Since Edith’s early readings in Greek thought with Bourgeat, she had continued to read philosophical texts on the nature of the soul, which led her to more esoteric theories. Another friend recalled: “I would have expected her to like detective stories, but no, she read Plato.… We talked about things like the immortality of the soul.” If one accepted this doctrine, it was only a step to think that twin souls would meet in heaven, a hope that she deemed essential to go on living.

At her request, Piaf’s intimates flew to be with her while she completed her run at the Versailles. Dédée Bigard came to New York soon after Cerdan’s death and resumed work as Edith’s secretary. A few weeks later, despite his poor health, Bourgeat arrived to console his Piafou; he introduced her to the doctrine of reincarnation as propounded by the secret society known as the Rosicrucians. Though the revelation of these mystical truths was comforting, Edith derived more immediate solace once Momone also joined her and saw the advantage in giving Edith what she desired—a way to contact the Beyond.

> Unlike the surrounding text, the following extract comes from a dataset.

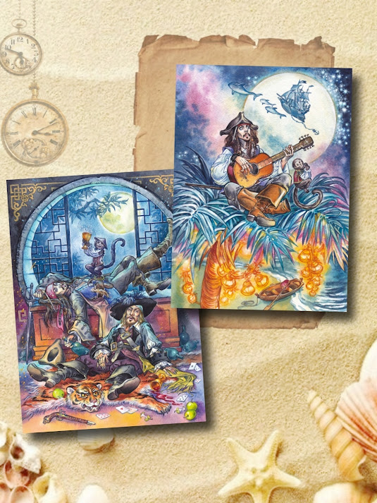 И еще один набор открыток с моими иллюстрациями по мотивам «Пиратов Карибского моря» от Магазина почтовых открыток Странник (иллюстрации не повторяются).

A small pedestal table purchased in New York became the means of communication during the séances conducted by Momone and her co-conspirators over the next two years. Berteaut later justified her actions by saying that this piece of furniture had been necessary to keep Piaf alive. Others close to the singer saw the séances as Momone’s chance to obtain large sums of money by playing on Edith’s need to feel that she was in touch with Marcel, whose ghostly voice dictated the names of those on whom she should bestow a variety of gifts. Marc Bonel, who refused to take part in the séances, found that he was out of favor; Emer, Contet, Aznavour, and all those who told Piaf that she was being manipulated were in disgrace. It is possible that the singer knew more than she let on about the table-turning, but she wanted desperately to believe that she had not lost contact with Marcel.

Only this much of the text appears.